━━ Available data
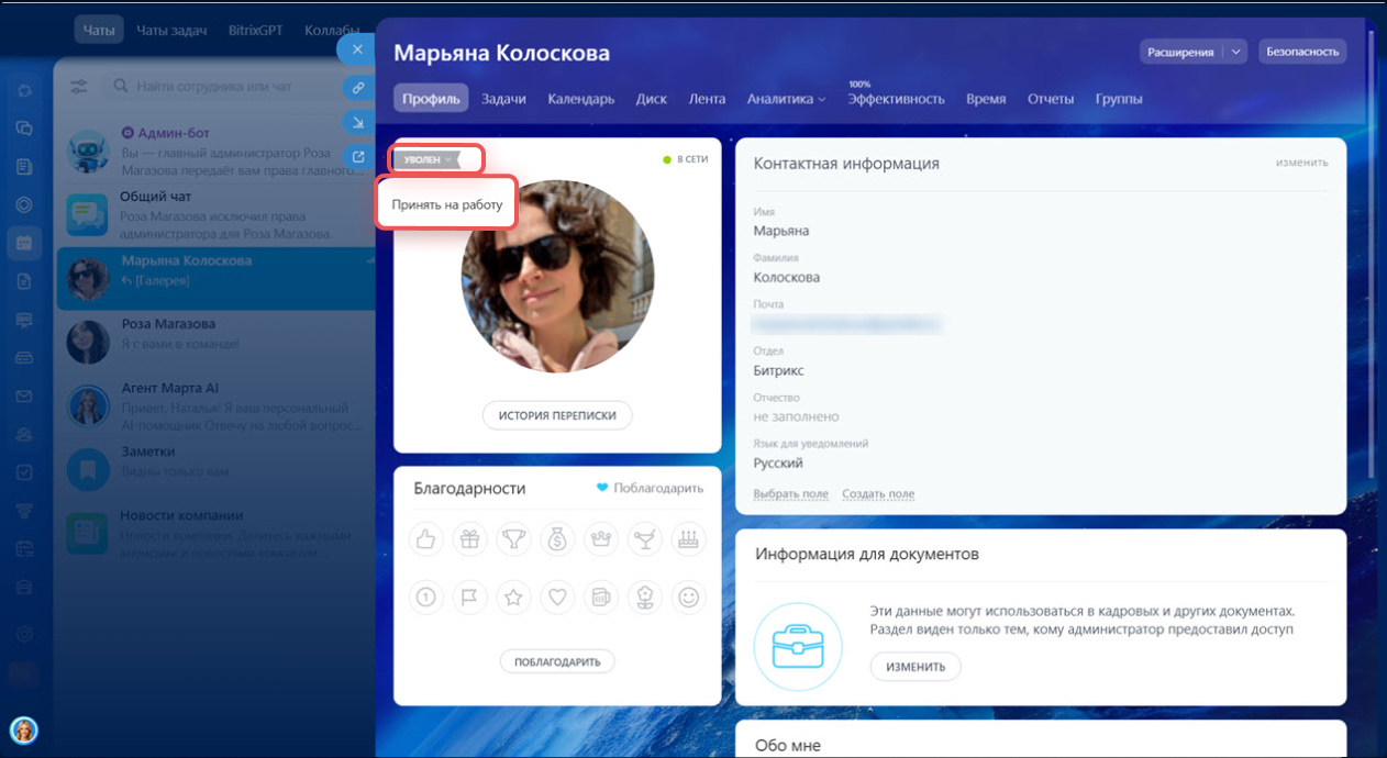 Если вам снова понадобятся услуги специалиста по внедрению, можно принять на работу уволенного сотрудника. В профиле нажмите Уволен > Принять на работу.
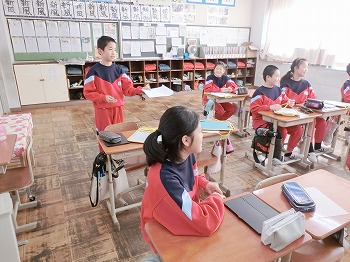 今日の授業風景です。どうぞご覧ください。ぜひ写真を見ながら、学校生活について話題にしてみてください!6年生が、6限目に調理実習のベーコンポテトサラダを校長室に持ってきてくれました。ポテトの茹で加減と塩梅がとてもよくおいしかったです!ありがとう!
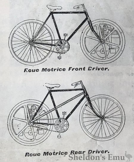 The "ROUE MOTRICE" machine is the invention of G. Boivin, 14, Rue Girardon, Paris. It bears a striking likeness to the English Singer motor-bicycle, inasmuch as the motor, carburetter, etc., are contained within the wheel. The wheel axle is driven by means of reduction gearing from the motor shaft. Two patterns are made, one with the motor in the front wheel, and the other in the rear wheel. The controlling the motor speed is effected by two levers mounted on the handlebar, and connecting with the motor through a hollow axle.
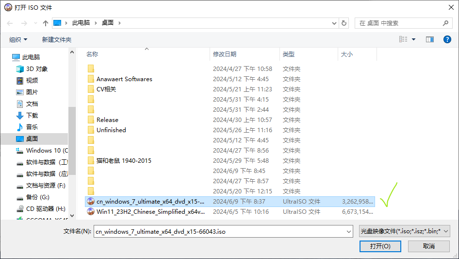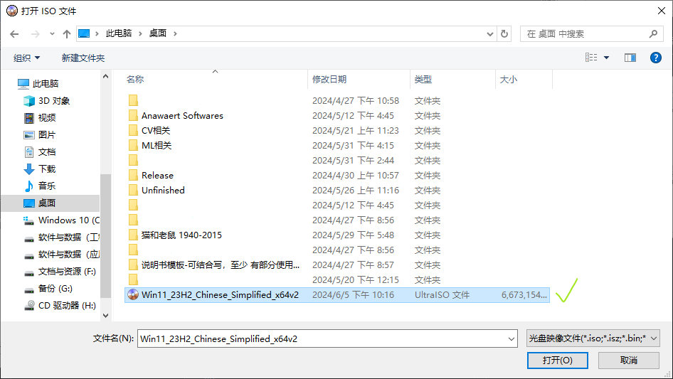 我们在菜单栏点击“文件”,选择“打开”,然后打开我们刚才下载的镜像文件,例如我下载到了“桌面”:
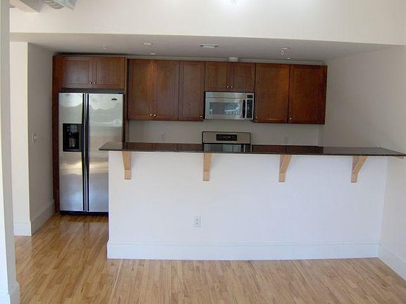 Three bed / one bath, balcony, Central A/C/heat, two zones, d/d, hwf, w/d in unit, granite countertops. Rent includes two garage parking spaces (#19 & #20)
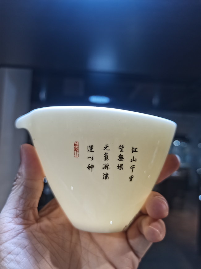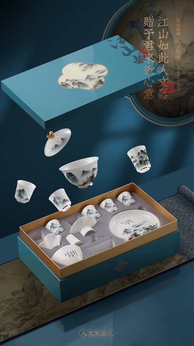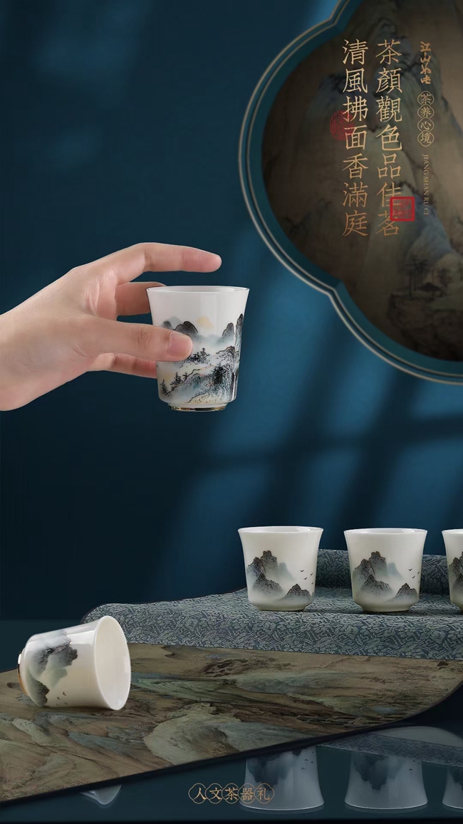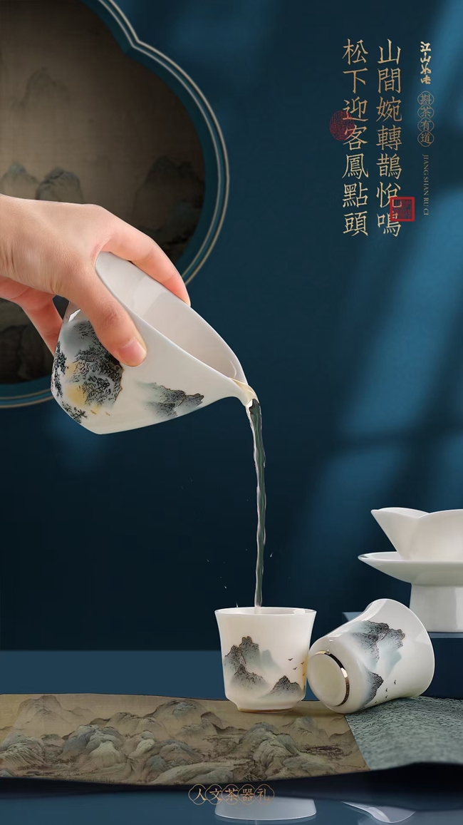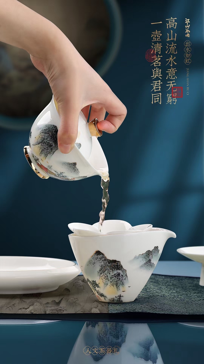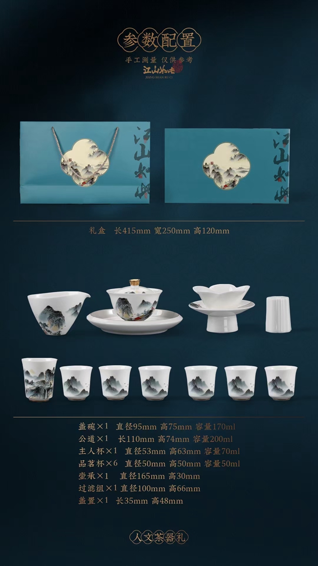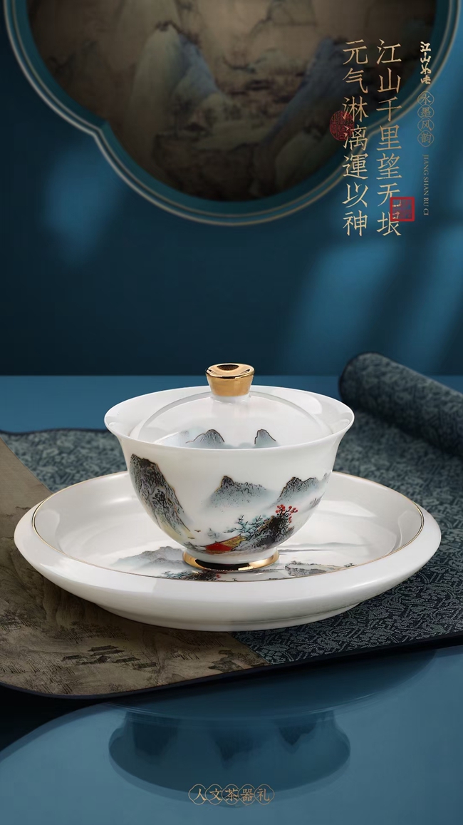 江山如此羊脂玉茶具器由工藝美術(shù)大師設(shè)計(jì),精選優(yōu)質(zhì)高嶺土,經(jīng)加工1300多度高溫?zé)贫,其瓷質(zhì)溫潤(rùn)似玉、透光性強(qiáng),胎骨潔白,作品采用手工堆金描金工藝,采用中國(guó)水墨山水畫設(shè)計(jì),瓷坯為紙,匠心手繪,筆觸瀟灑,意境水墨畫,鎏金點(diǎn)綴,品質(zhì)尊貴,禮盒包裝上檔次,是品茶、家居、禮品好選擇。
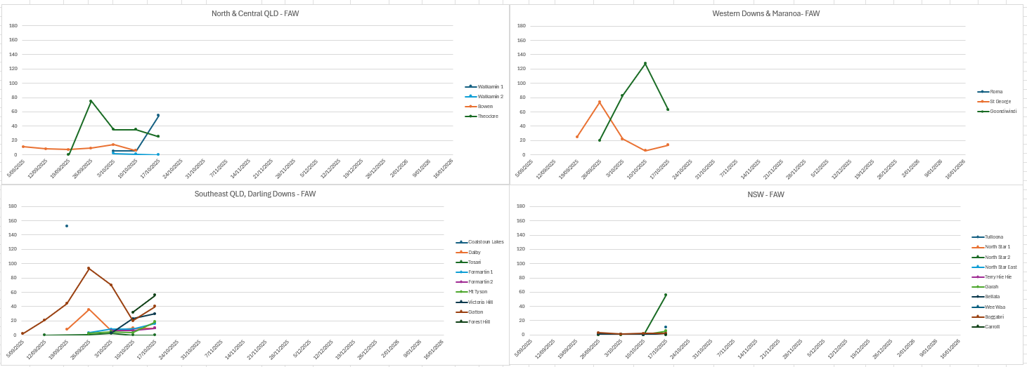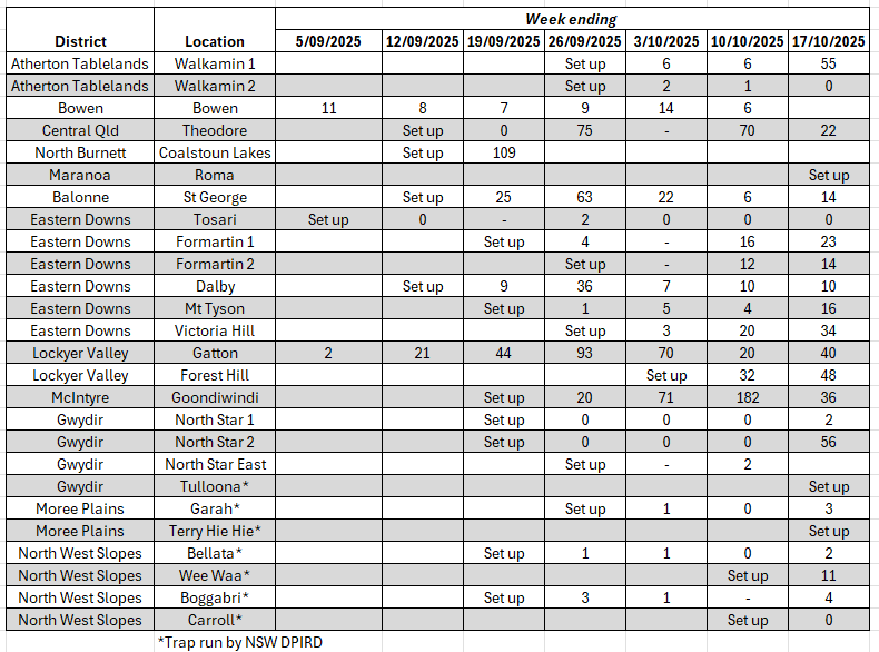 The QLD DPI coordinated Fall armyworm trapping program for 2025 began in mid-August. Results will be added to this page as they become available. The network would not be possible without the help of the many growers and consultants who donate their time to running them.
━━━━
What to work on
Copy word for word the lines above, starting at the line containing "Three bed /" and ending at the line containing "江山如此羊脂玉茶具器由工藝美", inclusive, with no pictures.

Response below
 Three bed / one bath, balcony, Central A/C/heat, two zones, d/d, hwf, w/d in unit, granite countertops. Rent includes two garage parking spaces (#19 & #20)
 江山如此羊脂玉茶具器由工藝美術(shù)大師設(shè)計(jì),精選優(yōu)質(zhì)高嶺土,經(jīng)加工1300多度高溫?zé)贫,其瓷質(zhì)溫潤(rùn)似玉、透光性強(qiáng),胎骨潔白,作品采用手工堆金描金工藝,采用中國(guó)水墨山水畫設(shè)計(jì),瓷坯為紙,匠心手繪,筆觸瀟灑,意境水墨畫,鎏金點(diǎn)綴,品質(zhì)尊貴,禮盒包裝上檔次,是品茶、家居、禮品好選擇。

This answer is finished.